Throwing out religion would be like throwing out folk medicine - you lose all the traditional knowledge about which plants are good for what. In both cases, it's best to squeeze out the cultural juices before consigning to the dustbin of history.

Comment author: Vladimir_Nesov 23 March 2009 08:15:49PM 5 points [-]

But practicing religion is as disastrous as practicing folk medicine. You may use both as raw material, as better-than-noise source of hypotheses, but not as out-of-the-box applicable techniques.

Comment author: timtyler 23 March 2009 09:02:38PM 3 points [-]

According to most of the studies I have seen, religious people are systematically more healthy than unbelievers. Also, atheists are one of the most distrusted American minority groups, according to a recent survey. "Disastrous" seems like a bit of a curious synopsis in the light of such results.

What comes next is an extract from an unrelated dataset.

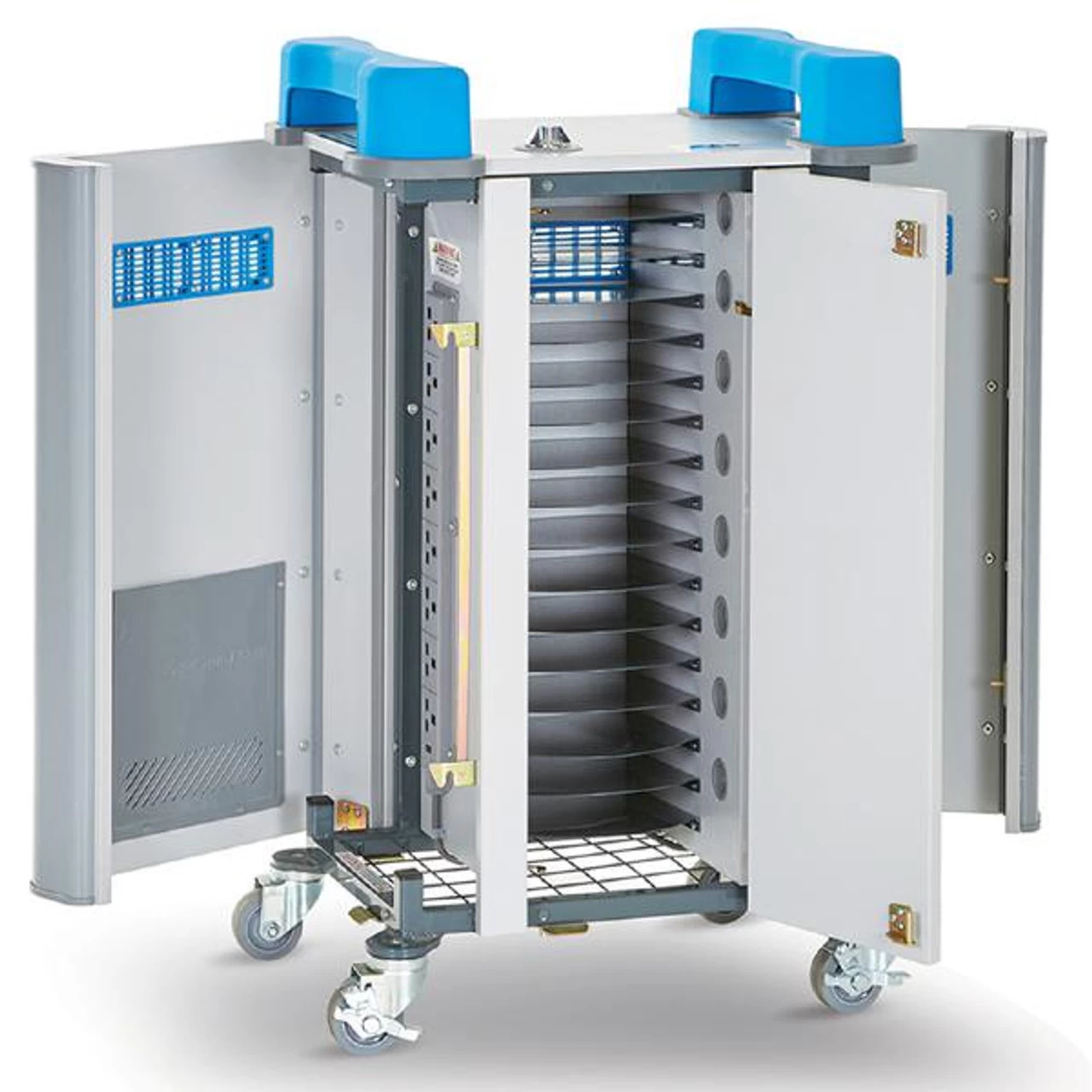 The ‘TabCabby 16 Horizontal Compact’ charges 16 Tablets up to 12″; screen size including their protective cases. The horizontal storage shelves store two devices side by side within a compact footprint. The TabCabby offers fast, flexible and simultaneous charging with a programmable timer. Maximum security safety is guarenteed with dual point locking system and separate lockable power compartment. It’s easy to move with ergonomic top handles, rounded corner bumpers and multi-directional non-marking wheels. The TabCabby offers silent charging with unique ventilation system and a built-in heat sensor shuts off power automatically if over-heating occurs.

Comment author: SoullessAutomaton 24 March 2009 11:12:30AM 2 points [-]

Believing religion is disastrously antithetical to epistemic rationality. Practicing religion is potentially quite useful from an instrumental rationality standpoint.

Comment author: timtyler 24 March 2009 09:10:41PM 3 points [-]

Presumably, epistemic rationality only suffers if you believe untrue things.

The whole idea that religion is concerned with belief is quite a western one. Look at some of the eastern religions, and they are more concerned with what you do and how you live - and do not necessarily place an emphasis on faith.